WHAT NEEDS TO BE DONE:
Look below for the line that has "This is a white"; output exactly from it through the line that has "La conferencia El", and leave the pictures out.

DATA:
%%

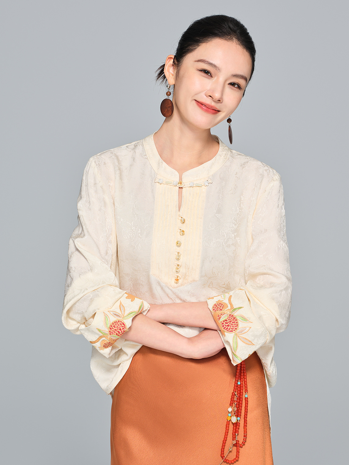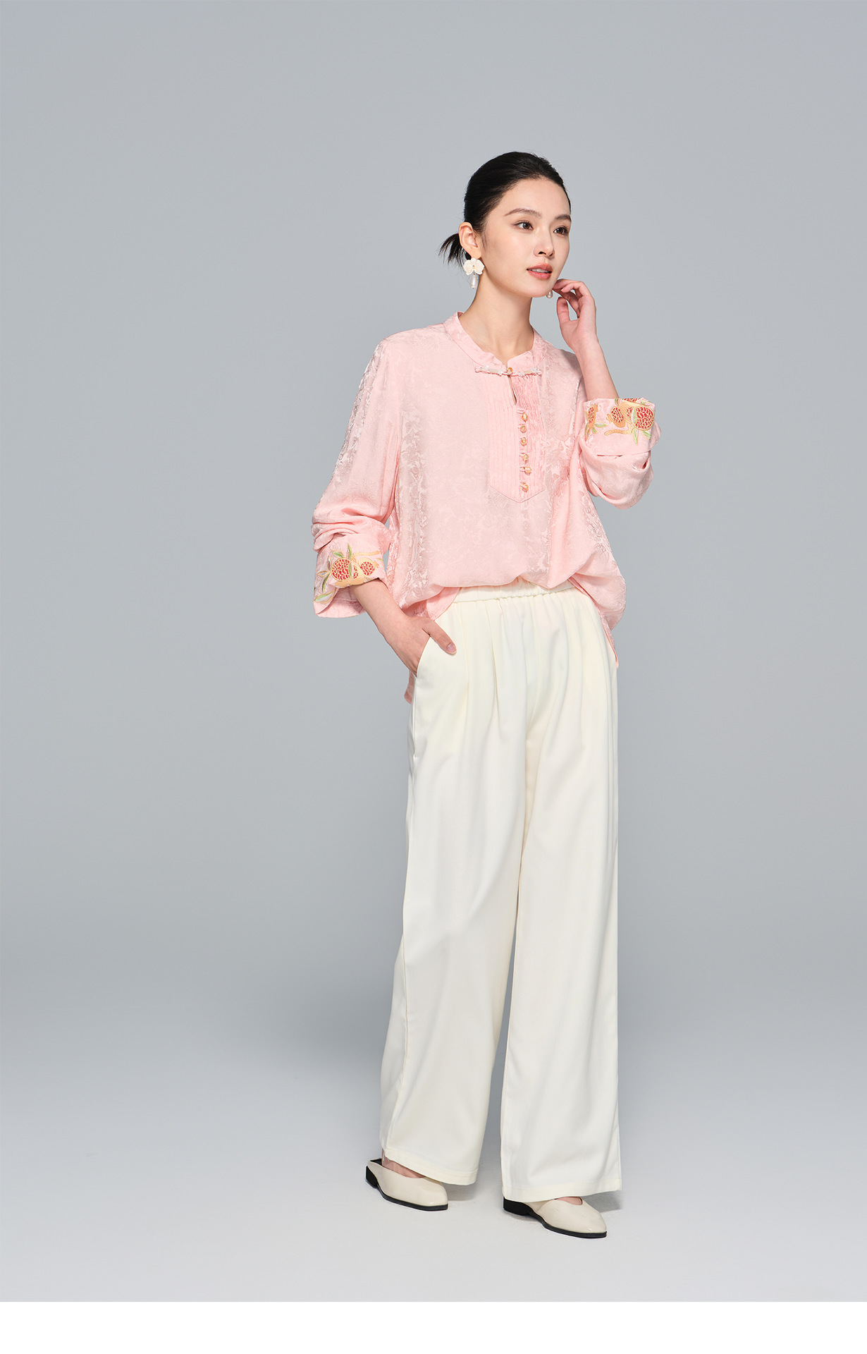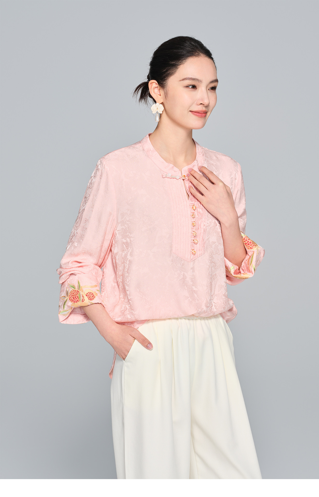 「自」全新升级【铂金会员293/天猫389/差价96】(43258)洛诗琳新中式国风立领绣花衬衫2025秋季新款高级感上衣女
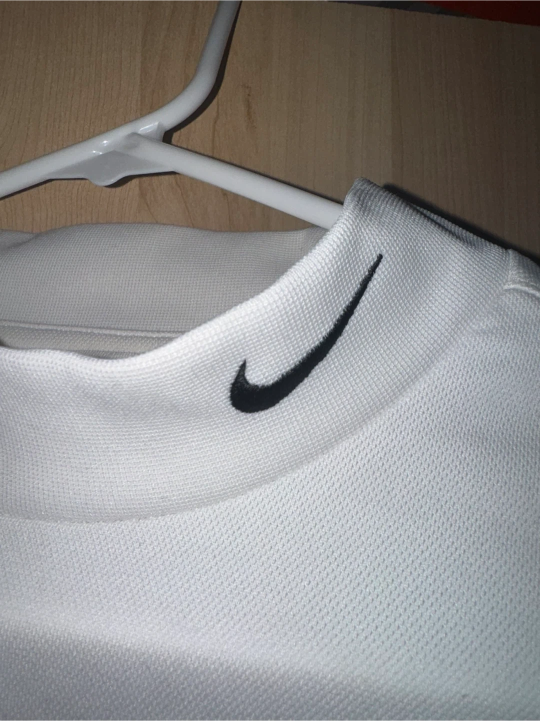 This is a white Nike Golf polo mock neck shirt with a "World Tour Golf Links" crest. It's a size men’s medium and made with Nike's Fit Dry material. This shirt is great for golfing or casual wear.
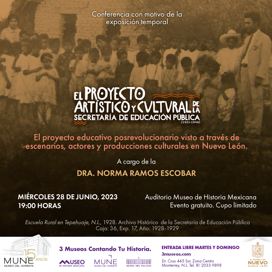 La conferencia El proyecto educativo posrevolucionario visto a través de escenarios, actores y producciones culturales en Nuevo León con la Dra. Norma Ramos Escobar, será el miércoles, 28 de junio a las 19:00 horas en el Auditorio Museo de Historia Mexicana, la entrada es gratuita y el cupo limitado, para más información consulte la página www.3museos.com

%%
%%

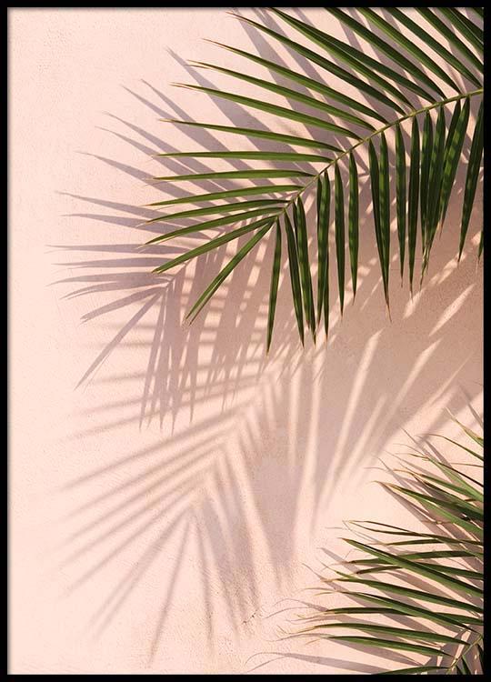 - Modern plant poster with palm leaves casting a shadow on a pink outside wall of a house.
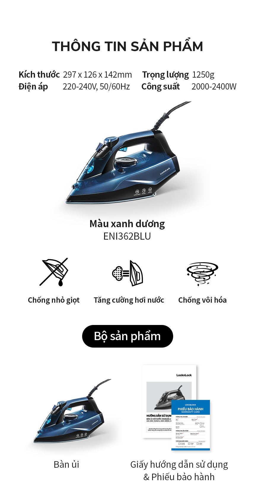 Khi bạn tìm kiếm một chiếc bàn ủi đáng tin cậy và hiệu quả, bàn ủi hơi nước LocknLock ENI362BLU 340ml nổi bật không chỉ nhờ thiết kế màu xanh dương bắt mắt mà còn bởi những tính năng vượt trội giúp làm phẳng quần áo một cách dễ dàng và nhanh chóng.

%%

SOLUTION TO THIS EXERCISE:
 This is a white Nike Golf polo mock neck shirt with a "World Tour Golf Links" crest. It's a size men’s medium and made with Nike's Fit Dry material. This shirt is great for golfing or casual wear.
 La conferencia El proyecto educativo posrevolucionario visto a través de escenarios, actores y producciones culturales en Nuevo León con la Dra. Norma Ramos Escobar, será el miércoles, 28 de junio a las 19:00 horas en el Auditorio Museo de Historia Mexicana, la entrada es gratuita y el cupo limitado, para más información consulte la página www.3museos.com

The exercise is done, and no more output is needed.